• _PROBLEM DESCRIPTION_
Omit any pictures, and restate word for word only the lines from the one with "I love how this" through the end of the data below.
=== Begin Enclosure ===
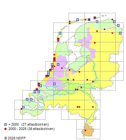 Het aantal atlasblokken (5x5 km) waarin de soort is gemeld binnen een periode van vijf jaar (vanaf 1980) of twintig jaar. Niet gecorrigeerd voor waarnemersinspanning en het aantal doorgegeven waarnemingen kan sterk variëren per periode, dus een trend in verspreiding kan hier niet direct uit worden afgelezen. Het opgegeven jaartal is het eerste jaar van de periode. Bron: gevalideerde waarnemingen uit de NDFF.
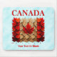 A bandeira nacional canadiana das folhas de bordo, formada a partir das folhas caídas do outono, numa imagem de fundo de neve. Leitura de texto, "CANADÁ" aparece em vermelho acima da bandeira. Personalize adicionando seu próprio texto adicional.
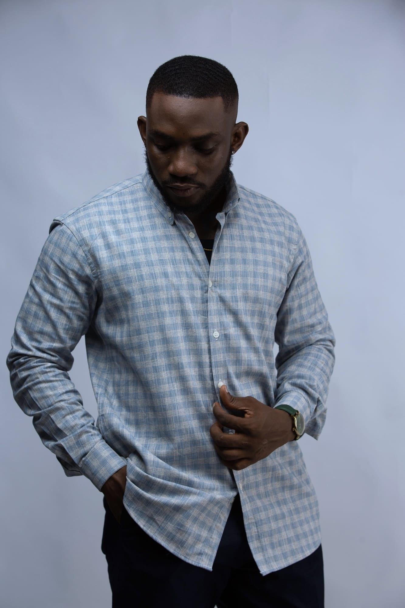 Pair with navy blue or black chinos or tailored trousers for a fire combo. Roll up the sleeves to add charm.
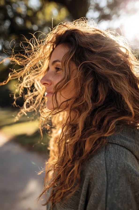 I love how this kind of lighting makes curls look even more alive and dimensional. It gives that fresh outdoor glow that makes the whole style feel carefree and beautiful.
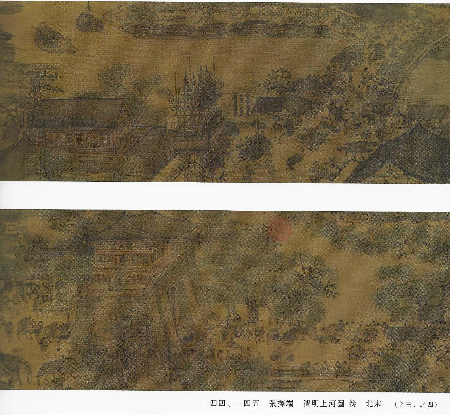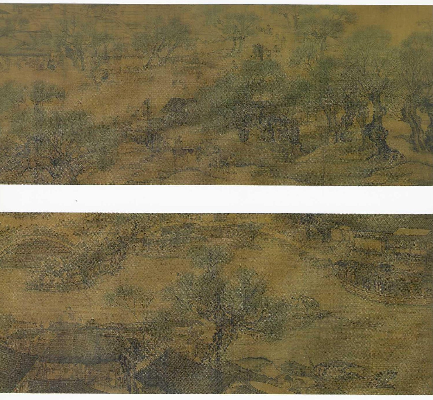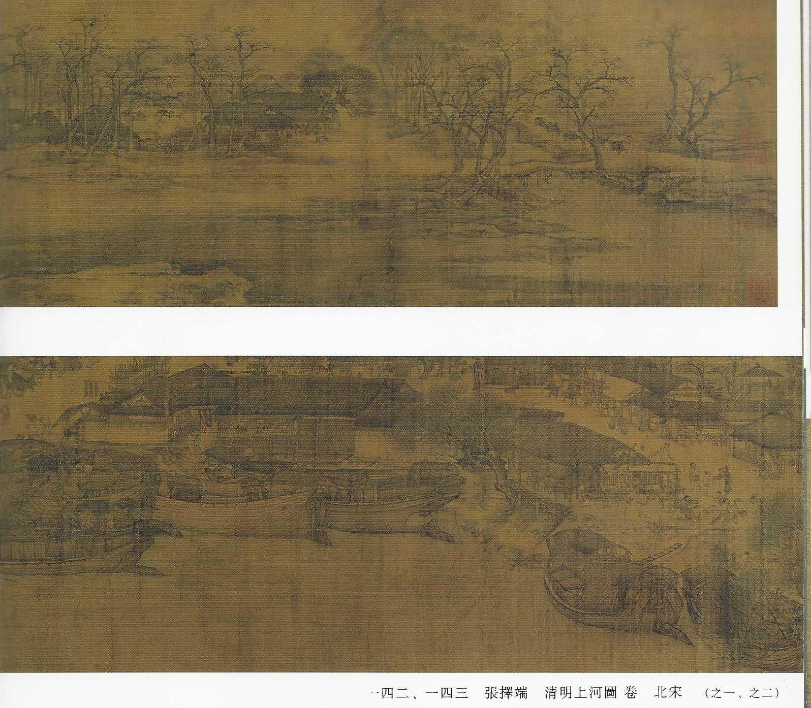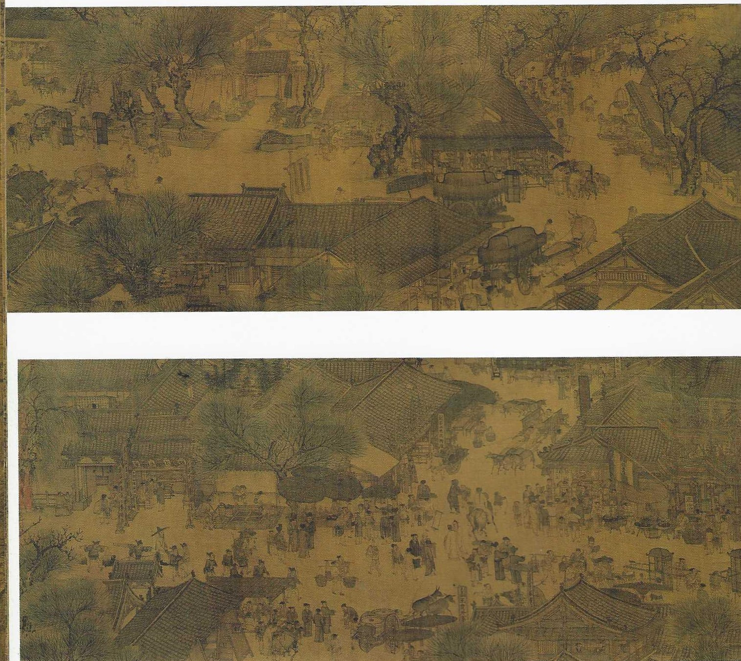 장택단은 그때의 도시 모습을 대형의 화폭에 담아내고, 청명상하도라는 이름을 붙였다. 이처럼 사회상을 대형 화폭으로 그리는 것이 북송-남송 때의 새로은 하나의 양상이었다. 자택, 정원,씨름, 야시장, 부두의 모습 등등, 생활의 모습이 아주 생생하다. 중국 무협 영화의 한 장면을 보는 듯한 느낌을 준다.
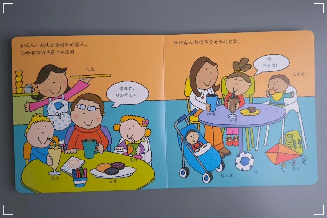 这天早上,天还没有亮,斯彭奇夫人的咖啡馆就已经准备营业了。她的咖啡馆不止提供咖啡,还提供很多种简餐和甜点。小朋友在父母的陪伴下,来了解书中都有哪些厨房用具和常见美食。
=== End Enclosure ===
• _RESPONSE_
 I love how this kind of lighting makes curls look even more alive and dimensional. It gives that fresh outdoor glow that makes the whole style feel carefree and beautiful.
 장택단은 그때의 도시 모습을 대형의 화폭에 담아내고, 청명상하도라는 이름을 붙였다. 이처럼 사회상을 대형 화폭으로 그리는 것이 북송-남송 때의 새로은 하나의 양상이었다. 자택, 정원,씨름, 야시장, 부두의 모습 등등, 생활의 모습이 아주 생생하다. 중국 무협 영화의 한 장면을 보는 듯한 느낌을 준다.
 这天早上,天还没有亮,斯彭奇夫人的咖啡馆就已经准备营业了。她的咖啡馆不止提供咖啡,还提供很多种简餐和甜点。小朋友在父母的陪伴下,来了解书中都有哪些厨房用具和常见美食。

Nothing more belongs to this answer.